- Genre: Drama
- Written by: Christopher Matthew Allan Prior
- Directed by: James Cellan Jones
- Starring: Nigel Havers James Fox Fiona Gillies Barbara Leigh-Hunt Nicholas Pritchard Amanda Elwes Patrick Ryecart Bernard Hepton Joanna Lumley
- Composer: Richard Holmes
- Country of origin: United Kingdom
- Original language: English
- No. of series: 1
- No. of episodes: 6

Production
- Executive producers: Nick Elliott Michael Whitehall
- Producer: James Cellan Jones
- Production companies: Havahall Pictures LWT

Original release
- Network: ITV
- Release: 17 May – 21 June 1991

= A Perfect Hero =

A Perfect Hero is a 1991 TV drama serial set in World War II England. It was produced by Havahall Pictures in association with LWT for ITV and first broadcast at 9:00pm on Friday 17 May 1991 and ran for six episodes. It was broadcast in the US as part of Masterpiece Theatre during Season 21 that ran from 1991 to 1992.

==Plot summary==
The miniseries is about a young RAF Fighter Pilot Flying Officer Hugh Fleming DFC, played by Nigel Havers, who is shot down during the Battle of Britain and is severely burned around the face and hands. While recovering and experiencing life as a scarred casualty of war, his colleagues and friends who had joined the RAF with him die one by one.

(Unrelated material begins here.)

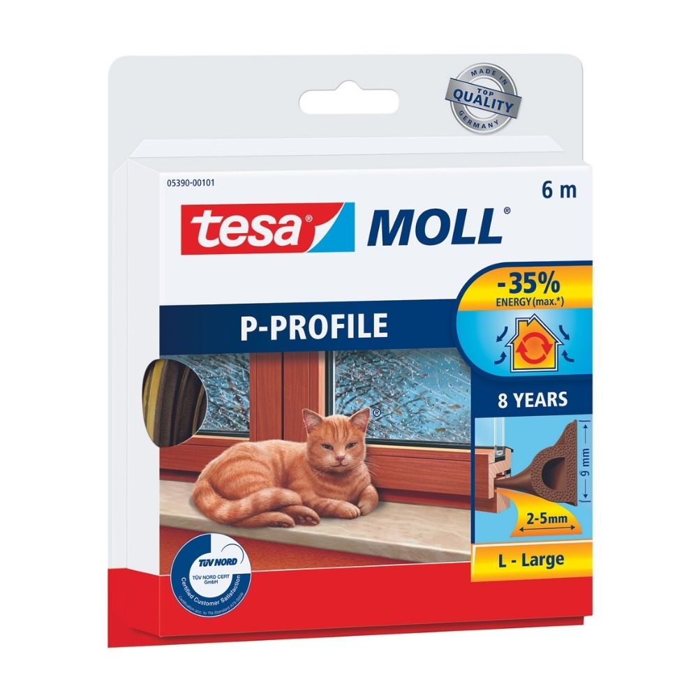 | Características | A lo largo del tiempo, los marcos de las ventanas pierden su resistencia y su capacidad de bloquear de forma fiable el aire frío. El burlete de caucho Perfil P de tesamoll es un burlete adhesivo hecho especialmente para cerrar esos huecos ocultos típicos de las ventanas más antiguas. Sirve como cortavientos eficaz que solo tiene que pegarse a lo largo del marco de la ventana para que proporcione un efecto de sellado de larga duración con el que poder ahorrar hasta un 35 % de sus costos de energía. El burlete de caucho de tesamoll® garantiza que funcione perfectamente durante al menos 8 años. |

This series shows how burn victims are treated and how they have to recuperate. It is hard for Fleming because he was an extremely handsome young man who had no problem dating women. With his face deformed by the burns and the plastic surgery, his life becomes a rather more traumatic one.

Some aspects of the story are reminiscent of the life of Richard Hillary, as recounted in his 1943 book, "The Last Enemy."

==Music==
Episode end credits play the song The Bells of Hell Go Ting-a-ling-a-ling, which somewhat lightens the mood.